Department of Radiology, Radboud University Nijmegen Medical Centre, Geert Grooteplein 10, 6525GA Nijmegen, the Netherlands.
Radiology. 2012 Nov;265(2):457-67. doi: 10.1148/radiol.12111744. Epub 2012 Jul 27.
To determine the individual and combined performance of magnetic resonance (MR) spectroscopic imaging and diffusion-weighted (DW) imaging at 3 T in the in vivo assessment of prostate cancer aggressiveness by using histopathologically defined regions of interest on radical prostatectomy specimens to define the prostate cancer regions to be investigated.
The local institutional ethics review board approved this retrospective study and waived the informed consent requirement. Fifty-four patients with biopsy-proved prostate cancer underwent clinical MR spectroscopic imaging followed by prostatectomy. Guided by the histopathologic map, all spectroscopy voxels that contained tumor tissue were selected, and metabolite ratios (choline [Cho] plus creatine [Cr]-to-citrate [Cit] and Cho/Cr ratios) were derived. For each spectroscopic voxel, 25th percentile apparent diffusion coefficient (ADC) of the region corresponding to that voxel was determined, representing the most aberrant tumor part on the ADC map, which was often smaller than spectroscopic imaging voxels. Maximum metabolic ratios and minimum 25th percentile ADC of each tumor were related to tumor aggressiveness and were used to differentiate aggressiveness classes. A logistic regression model (LRM) was used to combine data from both modalities.

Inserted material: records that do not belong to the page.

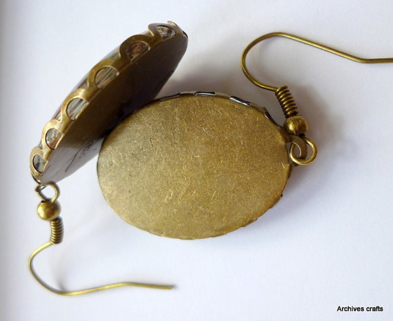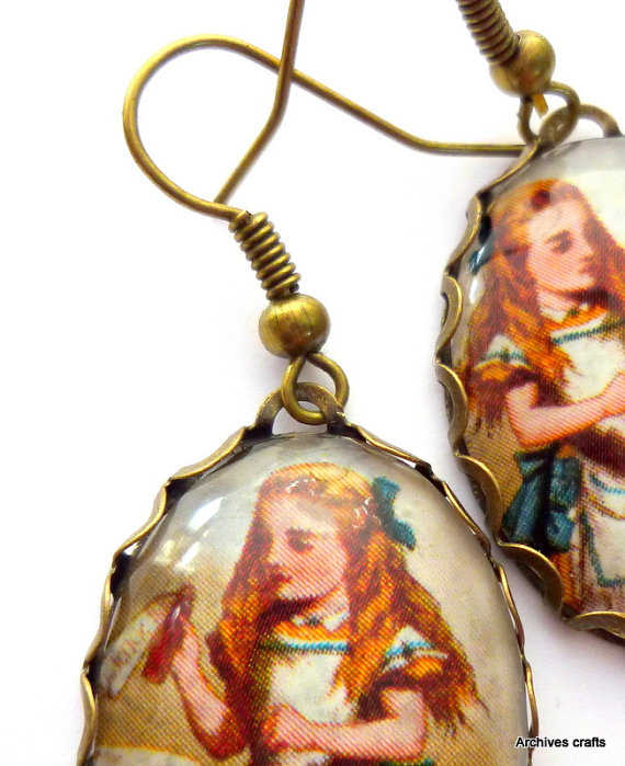 From the famous Alice in Wonderland story by Charles Dodson. Here are images of Teniels illustration of Alice captured in resin and finished with magnifying crystal glass domes. The pictures are set in antique bronze settings measuring 18 x 25 mm and hang from elegant gold plated hook wires which allow them to move and catch the light.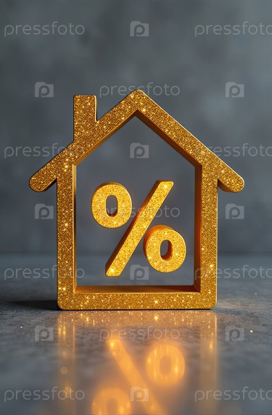 Золотой светящийся символ процент в доме на сером бетонном фоне с золотым блеском. строительство жилья, скидка, купон, покупка, продажа, риэлторская деятельность, ипотека, страхование, бронирование. AI generated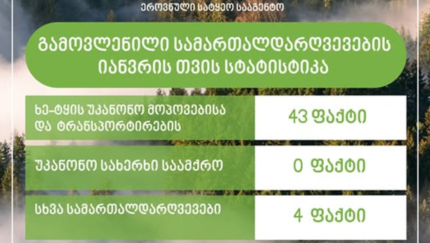 ეროვნული სატყეო სააგენტოს ინფორმაციით, მიმდინარე წლის იანვრის თვეში, სამართალდარღვევის 47 ფაქტი გამოავლინეს.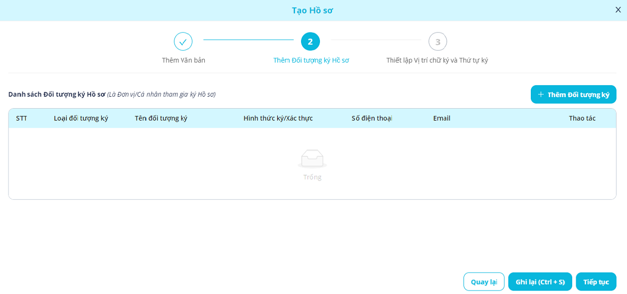 Bước 4: Sau khi bấm Tiếp tục hệ thống chuyển sang giao diện Tạo Hồ sơ – Thêm Đối tượng ký hồ sơ.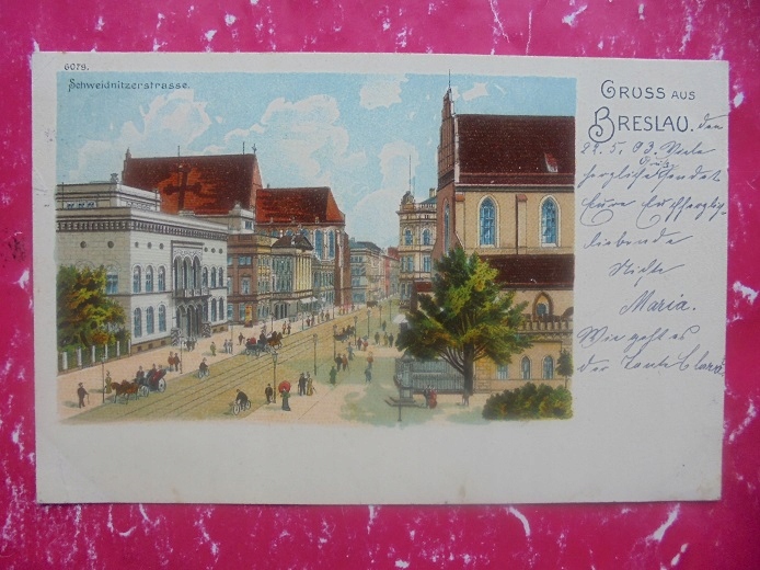 WROCŁAW BRESLAU UL.ŚWIDNICKA SCHWEIDNITZERSTRASSE ARTISTIC З ОБІГУ 25/05/1903 СТАН -Дуже хороший стан, ЧУДОВА ЛИСТІВКА ЕПОХИ МОЖЛИВІСТЬ ОПЛАТИ ТРАДИЦІЙНИМ ПЕРЕКАЗОМ ING BANK ŚLĄSKI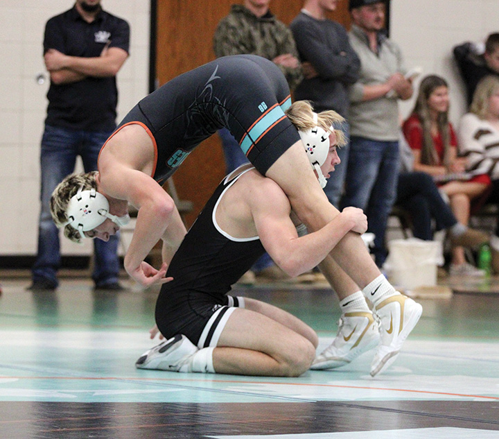 LARP’s Carter Cady looks to turn and spill FCLMC’s Quinci Kaase at the Wolves’ home triangular. Cady posted a 19-3 tech fall win in the match, as the Screamin’ Eagles took the dual 64-12. Photo by Paul Trende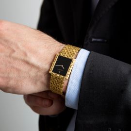 cassa di forma in oro giallo 18kt, fondello serrato con viti, lunetta in oro giallo, quadrante nero (difetti), grafica oro, movimento a carica manuale, bracciale a maglia tessita in oro giallo 18kt, lungh. cm 18,5, chiusura a scomparsa in oro giallo 18kt marcata Vacheron Constantin, vetro minerale, gr. 66. Dim. mm 25x27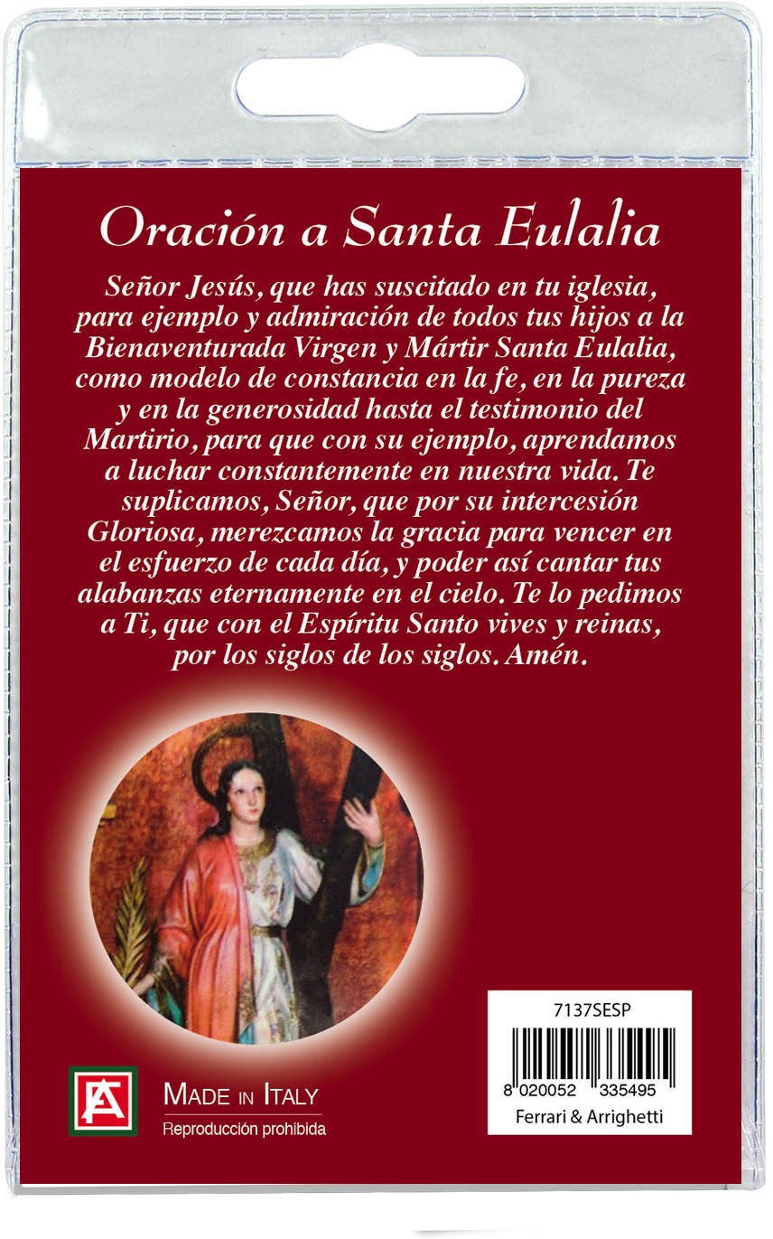 Medaglia Sant'Eulalia di cm 2,5 in metallo nichelato con laccio. L'immagine della Santa è ricoperta da uno strato di resina trasparente. La medagia si presenta confezionata in un blister con all'interno un cartoncino con immagine della Santa e con una preghiera in spagnolo sul retro del cartoncino stesso.

Significant correlation was found between aggressiveness classes and maximum Cho+Cr/Cit ratio (ρ=0.36), maximum Cho/Cr ratio (ρ=0.35), and minimum 25th percentile ADC (ρ=-0.63) in the peripheral zone (PZ). In the transition zone (TZ), the correlation was significant for only Cho+Cr/Cit and Cho/Cr ratios (ρ=0.58 and ρ=0.60, respectively). For differentiation between aggressiveness classes, LRM use did not result in significantly improved differentiation over any individual variables.

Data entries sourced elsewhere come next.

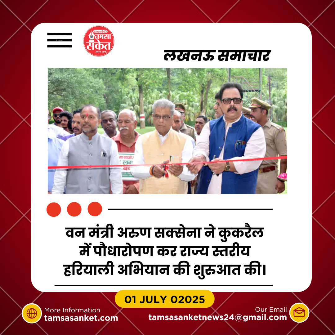 लखनऊ। उत्तर प्रदेश में हरियाली को बढ़ावा देने के लिए वन एवं पर्यावरण मंत्री अरुण कुमार सक्सेना ने मंगलवार को कुकरैल वन क्षेत्र में त्रिवेणी वन स्थापना दिवस पर पौधारोपण कर राज्य स्तरीय अभियान की शुरुआत की। इस अवसर पर उन्होंने बताया कि इस वर्ष 35 करोड़ पौधे लगाने का लक्ष्य तय किया गया है, जिसमें 27 विभागों की सहभागिता होगी।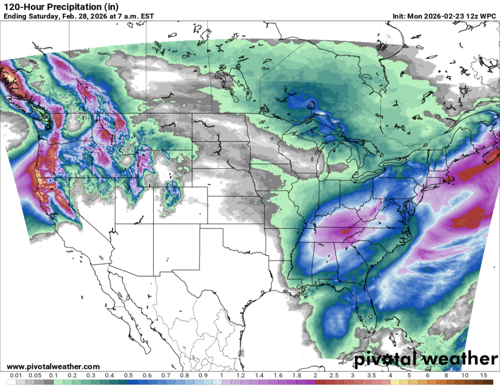 Meanwhile, the tail end of that storm is going to become the next Eastern U.S. storm by later in the week. Right now, it appears this will primarily be a locally heavy rainmaker in the Southeast, but there has been some back and forth in model guidance as to whether or not the storm could carry a wintry component on the northern fringe. This was aiming along I-90 on Sunday morning, but model guidance has mostly lost it at this point. Some of that uncertainty is likely due to the typical issues in predicting exact trajectories and intensities of West Coast storm systems. This tends to happen at times, and it’s one reason why we don’t usually get super excited more than 3 days out ahead of a winter event.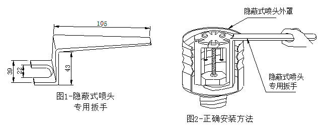 3、本產品隻能下垂安裝,濺(jiàn)水盤(pán)和(hé)感溫麵(miàn)板一起朝下。安裝時先將感溫裝飾麵板(和(hé)全銅內罩焊接(jiē)成一體)卸下,再用專用扳手將噴頭和外罩(zhào)一起安裝在(zài)管網的管路上,然後再套上內罩(zhào)。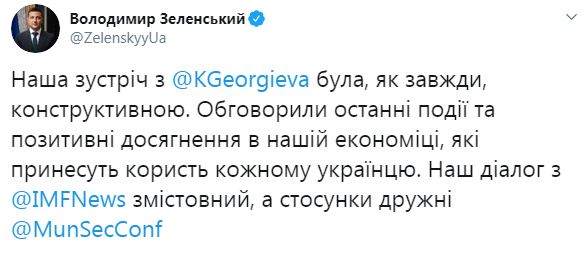 Президент України Володимир Зеленський в рамках Мюнхенської конференції провів зустріч з головою Міжнародного валютного фонду Крісталіною Георгієвою.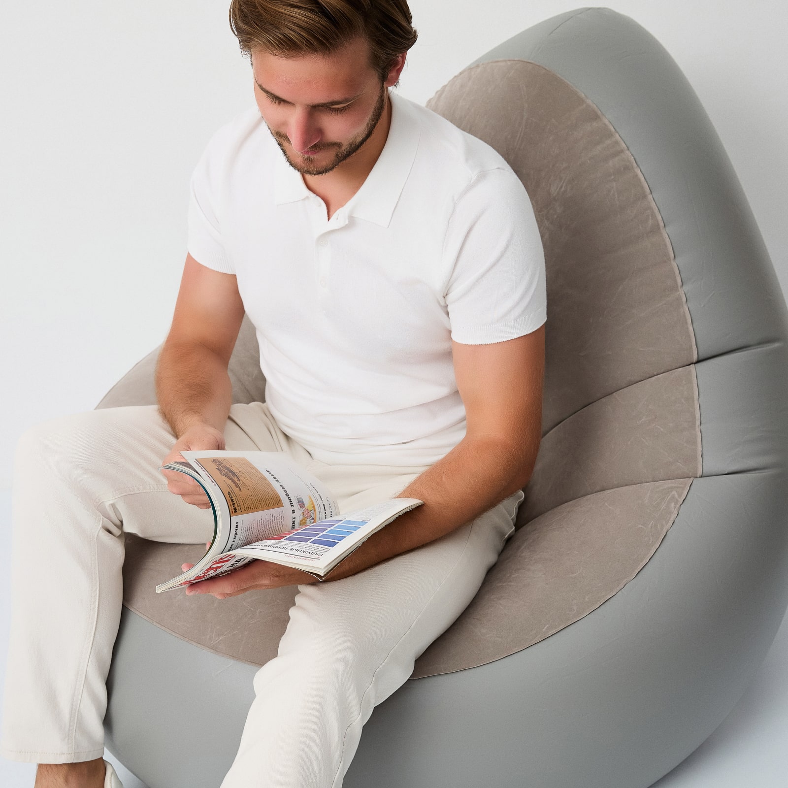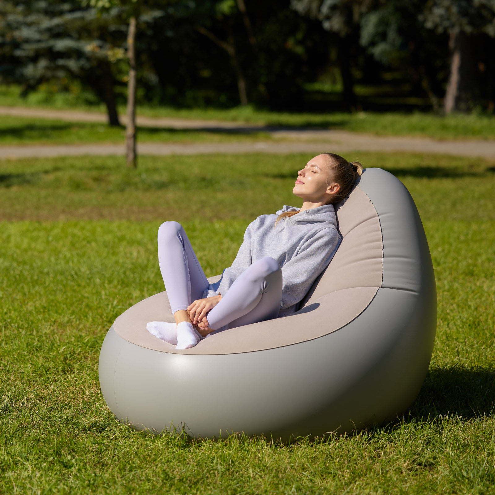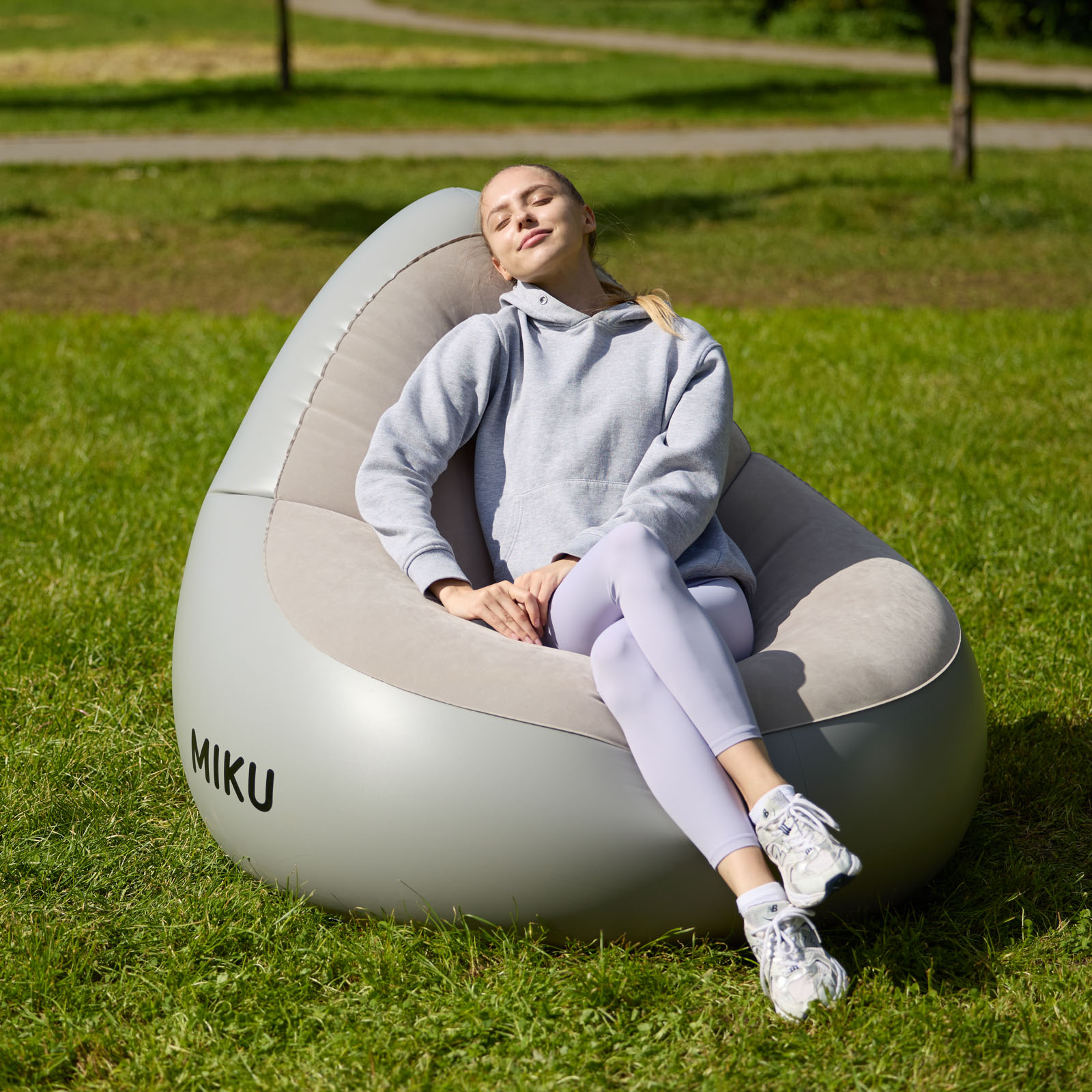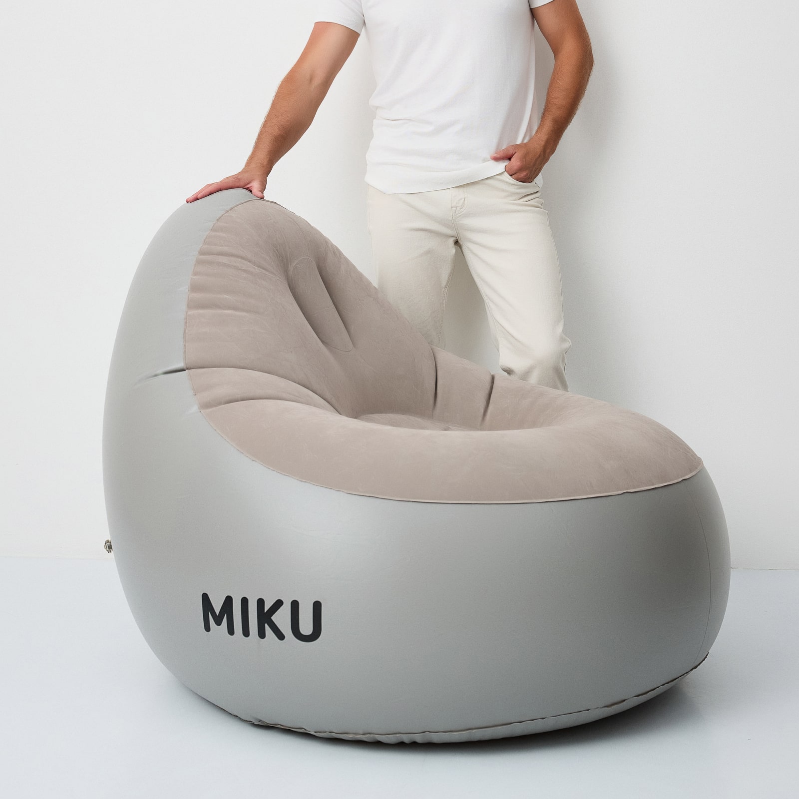 Кресло-биван MIKU — надувная мебель со встроенным электрическим насосом. Дома станет удобным местом для гостей или любимым креслом для чтения. Поможет отдохнуть на даче или с комфортом разместиться на пикнике.

These findings enabled confirmation that MR spectroscopic imaging and DW imaging offer potential for in vivo noninvasive assessment of prostate cancer aggressiveness, and both modalities have comparable performance. The combination did not result in better performance. Nonetheless, the better performances of metabolite ratios in the TZ and of ADCs in the PZ suggest that they have complementary value.
通过使用根治性前列腺切除术标本上的组织病理学定义的感兴趣区域来定义要研究的前列腺癌区域,确定磁共振(MR)波谱成像和扩散加权(DW)成像在 3T 体内评估前列腺癌侵袭性的单独和联合性能。
当地机构伦理审查委员会批准了这项回顾性研究,并豁免了知情同意要求。54 名经活检证实患有前列腺癌的患者接受了临床 MR 波谱成像检查,然后进行了前列腺切除术。根据组织病理学图谱,选择包含肿瘤组织的所有波谱体素,并得出代谢物比率(胆碱[Cho]+肌酸[Cr]-柠檬酸[Cit]和 Cho/Cr 比率)。对于每个波谱体素,确定与该体素相对应的区域的第 25 百分位表观扩散系数(ADC),代表 ADC 图谱上最异常的肿瘤部分,通常小于波谱成像体素。每个肿瘤的最大代谢比和最小第 25 百分位 ADC 与肿瘤侵袭性相关,并用于区分侵袭性类别。使用逻辑回归模型(LRM)结合两种模式的数据。
在外周区(PZ),侵袭性类别与最大 Cho+Cr/Cit 比率(ρ=0.36)、最大 Cho/Cr 比率(ρ=0.35)和最小第 25 百分位 ADC(ρ=-0.63)之间存在显著相关性。在过渡区(TZ),仅 Cho+Cr/Cit 和 Cho/Cr 比率具有显著相关性(ρ=0.58 和 ρ=0.60)。对于侵袭性类别之间的区分,LRM 的使用并未导致任何个体变量的区分能力显著提高。
这些发现证实了 MR 波谱成像和 DW 成像具有评估前列腺癌侵袭性的潜在能力,两种模式都具有相当的性能。组合并没有产生更好的性能。尽管如此,代谢物比率在 TZ 中的更好表现和 ADC 在 PZ 中的更好表现表明它们具有互补价值。